Le groupe UMP au Sénat devrait donc diminuer en nombre, alors qu’il n’avait déjà pas la majorité absolue. Il pourrait perdre une vingtaine de sièges
en raison aussi de dissidences (le groupe compte 159 sénateurs, y compris les apparentés et les rattachés).
L’enjeu du numéro deux de l’État
Or, en ce début automne 2008, le 1er octobre 2008 exactement, l’un des enjeux majeurs se porte sur la succession du Président du Sénat Christian Poncelet. S’il a décidé de ne pas encore prendre sa
retraite (il est sénateur jusqu’en 2014 et il vient d’être réélu à la présidence du Conseil général des Vosges à 80 ans), tout porte à croire qu’il ne se représentera plus à sa
succession.
L’été avait connu quelques frayeurs avec l’hospitalisation dans un état grave du prédécesseur de Christian Poncelet, René Monory, 85 ans et ancien
Président du Sénat de 1992 à 1998.
Mais c’était surtout l’occasion de démarrer cette campagne souterraine du plateau.
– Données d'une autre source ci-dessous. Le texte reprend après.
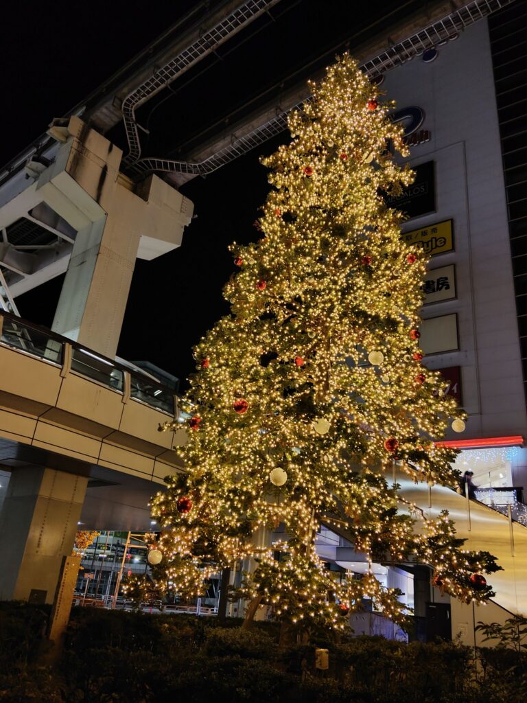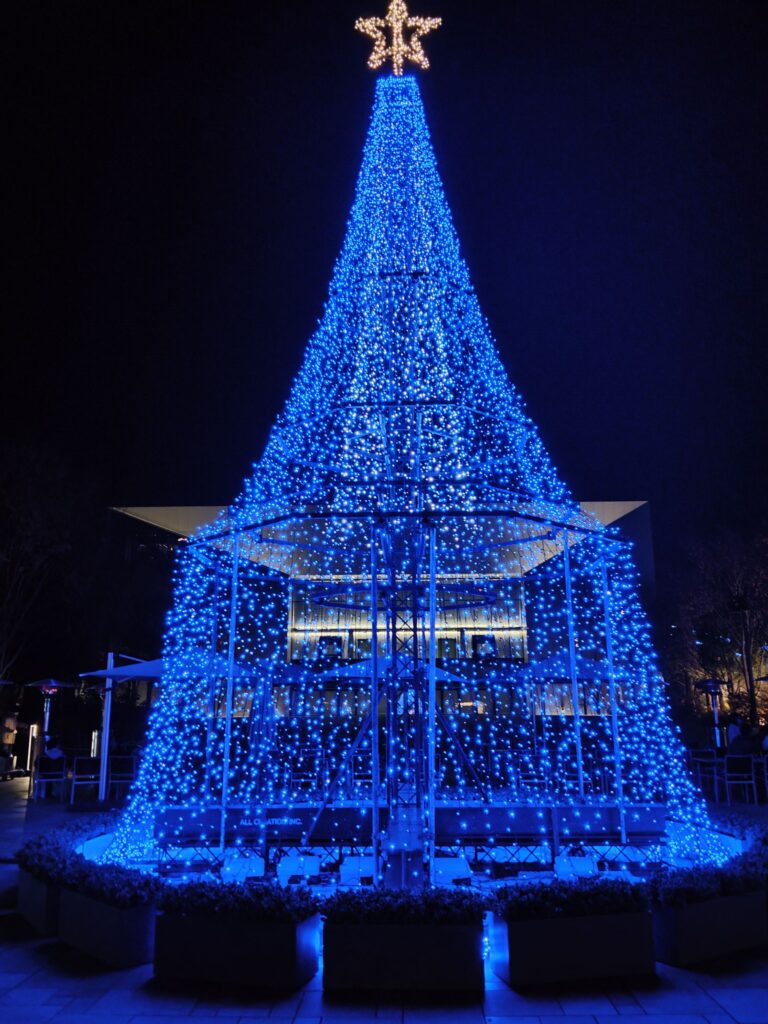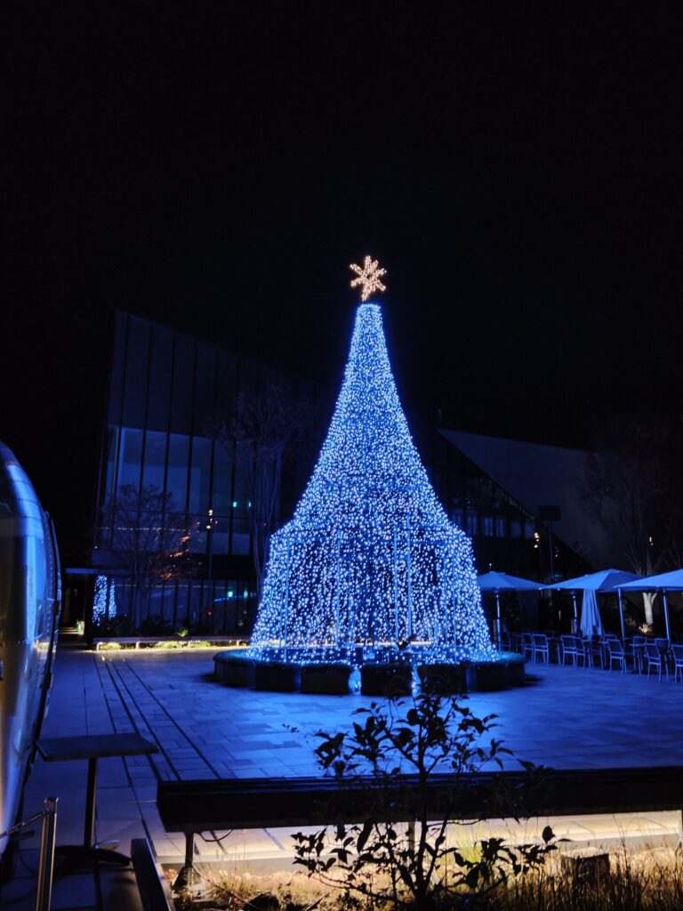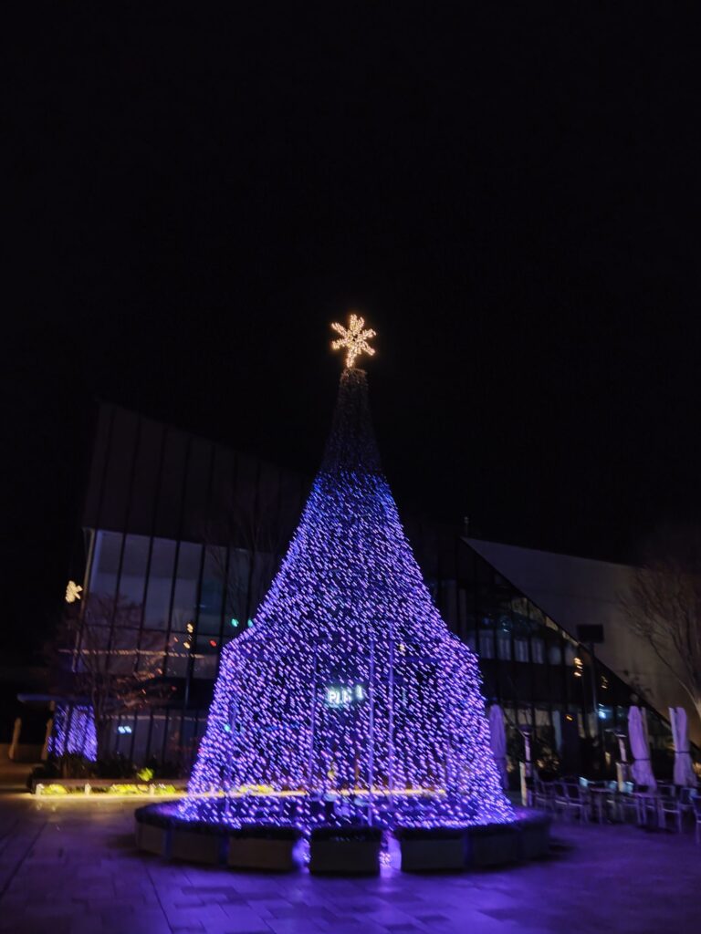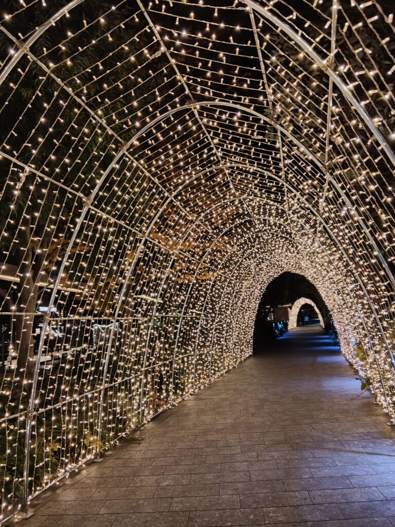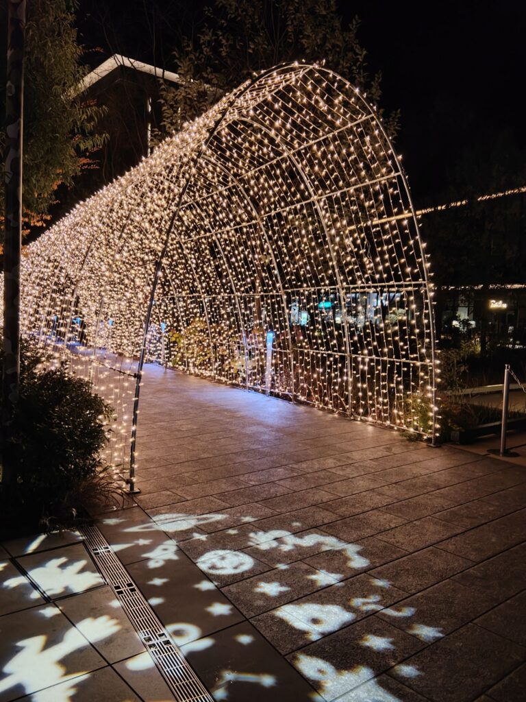 夜はライトアップされたトンネルと、今時期はクリスマスツリーを形どったイルミネーションがそびえ立っています!

La bataille se mène en soft, mais le résultat est tout aussi cruel pour ses victimes. Selon un sénateur, « il ne faut pas s'y tromper. Mes
coups de couteau sont ici aussi meurtriers qu'ailleurs. Mais au Sénat, les corps tombent sur la moquette, c'est moins bruyant. ».
Début de la campagne du plateau durant l’été
La situation entre les groupes est très inégale, et il est certain que ce sera le candidat désigné par l’UMP qui aura le plus de chance de gagner
l’élection de la Présidence du Sénat. Cela nécessitera cependant quelques soutiens du côté des sénateurs de l’Union centriste et aussi des sénateurs radicaux du RDSE (ancienne Gauche
démocratique).
Sans surprise, c’est Jean-Pierre Bel, 56 ans, le président du groupe PS au Sénat, qui sera le candidat socialiste.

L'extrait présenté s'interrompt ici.